在ResourceManagerGateway#sendSlotReport()方法中,ResourceManager会调用SlotManager#registerTaskManager(),将Slot注册到SlotManager中。本质上就是将这个TaskExecutor的注册信息,put到“所有已注册的TaskManager”的Map集合中,将这个TaskExecutor上的Slot全都put到“所有已经注册到SlotManager中的Slot”的Map集合和“当前SlotManager中可用(空闲、未被分配和使用)的Slot”的Map中。
/**
* SlotReport中有一个Collection,描述了这个TaskManager内的每个Slot的状态。
* 这里会遍历这个Collection集合,为每个Slot都进行注册
*/
@Override
public void registerTaskManager(final TaskExecutorConnection taskExecutorConnection, SlotReport initialSlotReport) {
// 初始化检查,SlotManager是否启动,确保SlotManager处于运行状态
checkInit();
LOG.debug("Registering TaskManager {} under {} at the SlotManager.", taskExecutorConnection.getResourceID(), taskExecutorConnection.getInstanceID());
// we identify task managers by their instance id
// Map结构,存储了所有“已注册”的TaskManager。Key:InstanceID Value:TaskManagerRegistration
// 判断在“已注册的TaskManager”的Map集合中是否有注册的TaskManager信息
if (taskManagerRegistrations.containsKey(taskExecutorConnection.getInstanceID())) {
// 如果这个TaskManager已经注册过了,那就对SlotReport中的已经注册的TaskManager的Slot信息进行更新处理
reportSlotStatus(taskExecutorConnection.getInstanceID(), initialSlotReport);
} else {
// first register the TaskManager
// Map结构中不存在当前TaskManager的注册信息,就把当前TaskManager就作为新启动的实例,并注册到“已注册TaskManager”的Map中
ArrayList<SlotID> reportedSlots = new ArrayList<>();
// 将initialSlotReport中的SlotStatus添加到List中
// SlotReport中有一个集合(Collection slotsStatus),保存了TaskManager的“Slot 状态”

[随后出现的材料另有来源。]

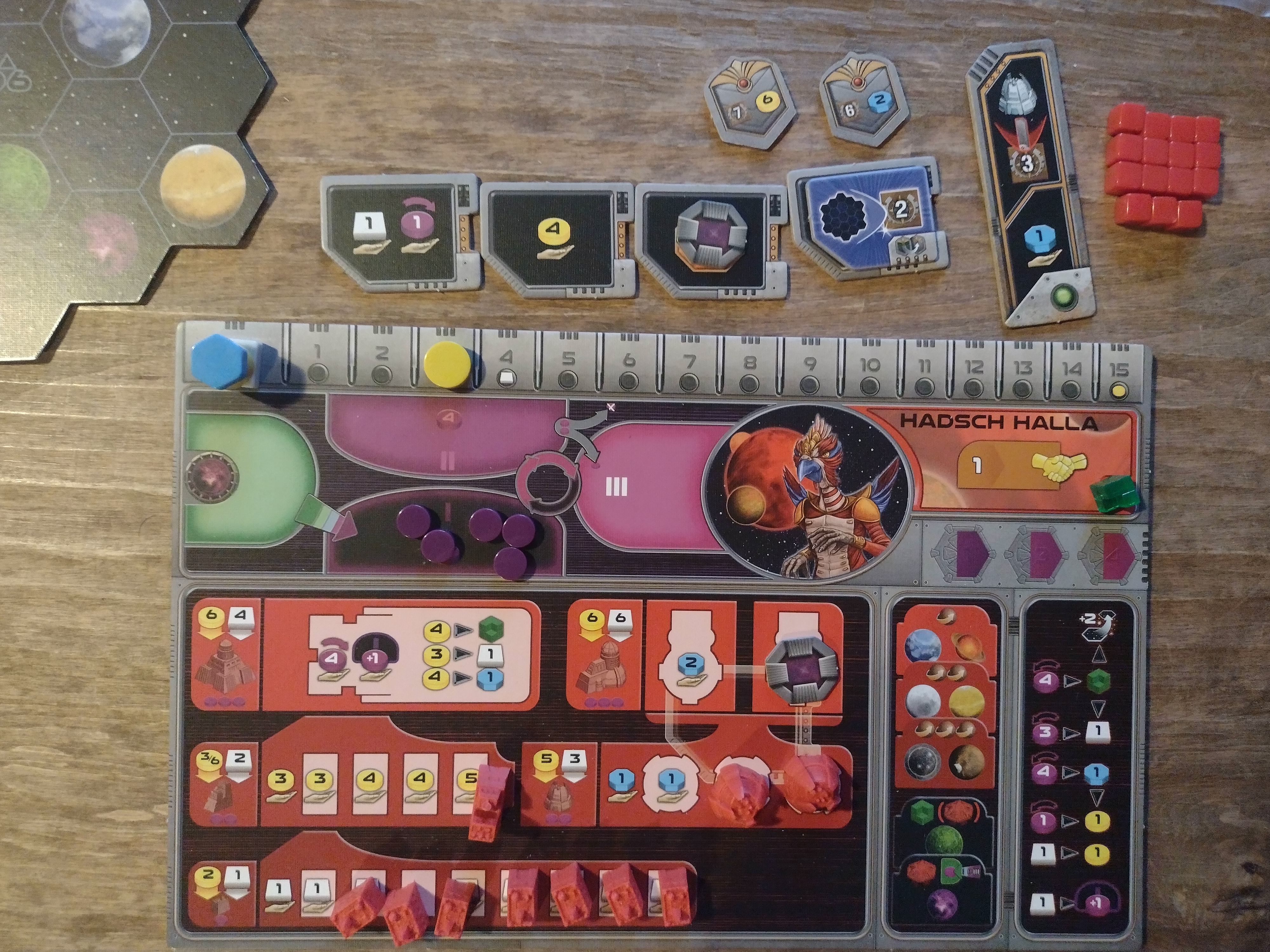 Ich kam gestern Abend zu einer zweiten Partie Gaia-Project HH vs Taklons(Standard), und wollte dieses Mal eine andere Strategie ausprobieren, wo ich mehr auf Wissen gegangen bin.

// SlotReport内有一个迭代器,就是这个“SlotStatus集合”
for (SlotStatus slotStatus : initialSlotReport) {
// 将这个“即将要注册的TaskManager中的所有Slot”add到List集合中
reportedSlots.add(slotStatus.getSlotID());
}
// 创建新的TaskManagerRegistration,put到“所有已注册的TaskManager”的Map集合中
TaskManagerRegistration taskManagerRegistration = new TaskManagerRegistration(
// TaskExecutor在启动时就会将TaskExecutorConnection注册到ResourceManager中
taskExecutorConnection,
// 这个TaskManager中的所有Slot的List集合
reportedSlots);
// 将这个TaskManager的注册信息,添加到“已注册的TaskManager”的Map集合中
taskManagerRegistrations.put(taskExecutorConnection.getInstanceID(), taskManagerRegistration);
// next register the new slots
// 遍历TaskManager内的“装有每个Slot状态”的Collection集合,对每个Slot进行注册
for (SlotStatus slotStatus : initialSlotReport) {
// 对SlotReport中Collection集合中的每个SlotStatus进行注册
registerSlot(
slotStatus.getSlotID(),
slotStatus.getAllocationID(),
slotStatus.getJobID(),
slotStatus.getResourceProfile(),
taskExecutorConnection);
}
}
// 走完以上流程,最终完成TaskManager的“Slot计算资源”的上报、注册
}
这样,SlotManager就“掌握”了TaskExecutor汇报过来的Slot:
// 所有已经注册到SlotManager中的“Slot计算资源”
private final HashMap<SlotID, TaskManagerSlot> slots;
// 存储在当前SlotManager中可用(空闲、未被分配和使用)的"Slot计算资源"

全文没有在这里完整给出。